Wednesday, June 9, 2010

“Dane wins top cookery contest”

“Dane wins top cookery contest”


Dane wins top cookery contest

Posted: 08 Jun 2010 03:06 PM PDT

AFP/Geneva

 

 

Danish chef Rasmus Kofoed emerged the winner in the European leg of the renowned Bocuse d'Or contest yesterday, adding a third win at the competition to his name.

The 35-year-old chef impressed judges with a semi-salted halibut in nut butter, served with morel and flowers of spring onions, and a roast veal in Skagen ham, bacon, cranberries and black bread, served with crispy veal sweetbread, white asparagus, wild garlic and horseradish.

Kofoed, who owns the Geranium restaurant in Copenhagen, had previously won bronze in 2005 and silver in 2007 in the competition's international edition.

Norway's Gunnar Hvarnes came second while Frenchman Jerome Jaegle took third place in the competition which required each team of a chef and an assistant to produce two dishes - a Norwegian halibut and a Swiss veal - in five hours and 35 minutes.

Two garnishes were to accompany each dish.

Bocuse d'Or, dubbed the Olympic Games of cooking, is named after internationally renowned French chef Paul Bocuse, who was among the founders of the contest.

French chefs coaching east European newcomers at the contest cast a critical eye over their protégés.

Jean-Luc Rocha, chef at the Chateau Cordeillan-Bages, in the heart of Bordeaux wine country at Pauillac, said the Slovakians he was advising in Geneva "really come from another planet to the others".

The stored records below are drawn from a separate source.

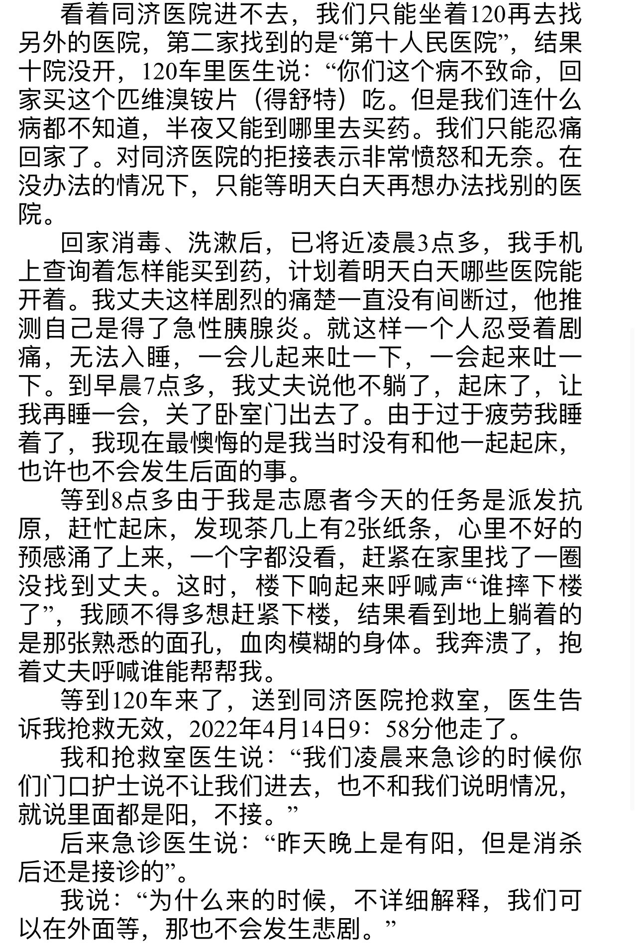 丈夫死後,同濟醫院的急診醫生說,「昨天晚上是有陽,但是消殺後還是接診的。」
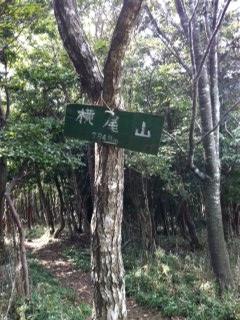 尾根に踏み固められたルートが続いているのでそれに従う。その先が横尾山のピークで、「横尾山(784.9m)」の山名表示が小木に掛けられていました。
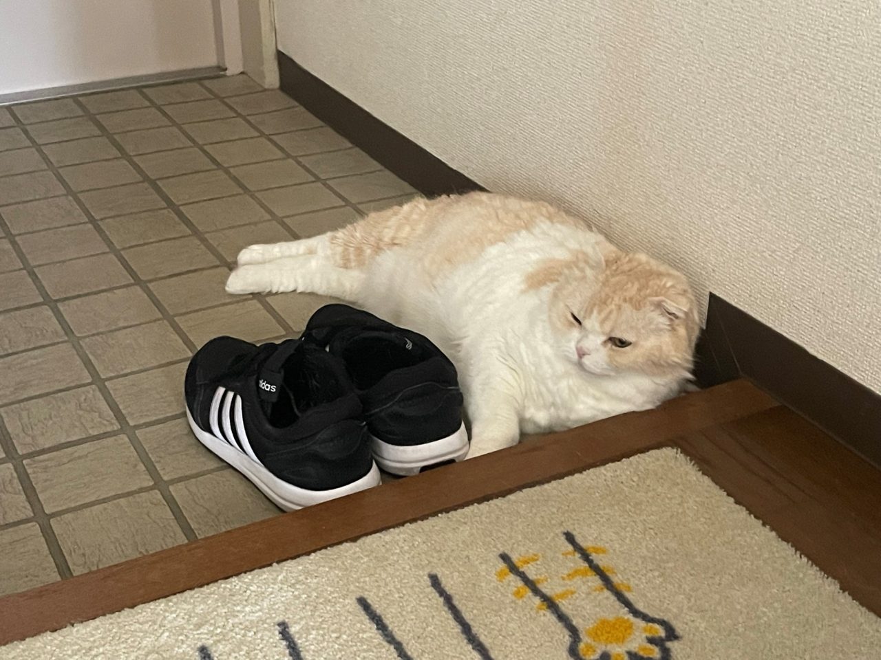 ナッツの姿が見えないので探していると、玄関で寝そべっていました♪
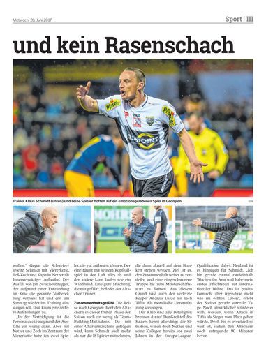 Der Trainer und sein Stürmer treffen sich einen Tag vor dem ersten Pflichtspiel in Tiflis zum ersten Mal.
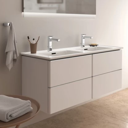 Der Ideal Standard Doppel-Waschtischunterschrank aus der Serie Adapto vervollständigt Ihr Bad auf elegante und funktionale Weise.

"Everything they have revolves around potatoes and gnocchi. You can't speak of a gastronomic culture," he added.

Slovakia, like Croatia, Estonia, Hungary and Malta, were taking part in the international cooking competition for the first time.

Little escaped the eye of Pierre Mathon, a 62-year-old retired French chef, as he kept watch over the Estonian team.

"They don't have much in the way of produce there. Their cooks are good technicians," Mathon explained. "But they have a tendency to bow to the product, they don't know how to exploit it, to get the best out of it."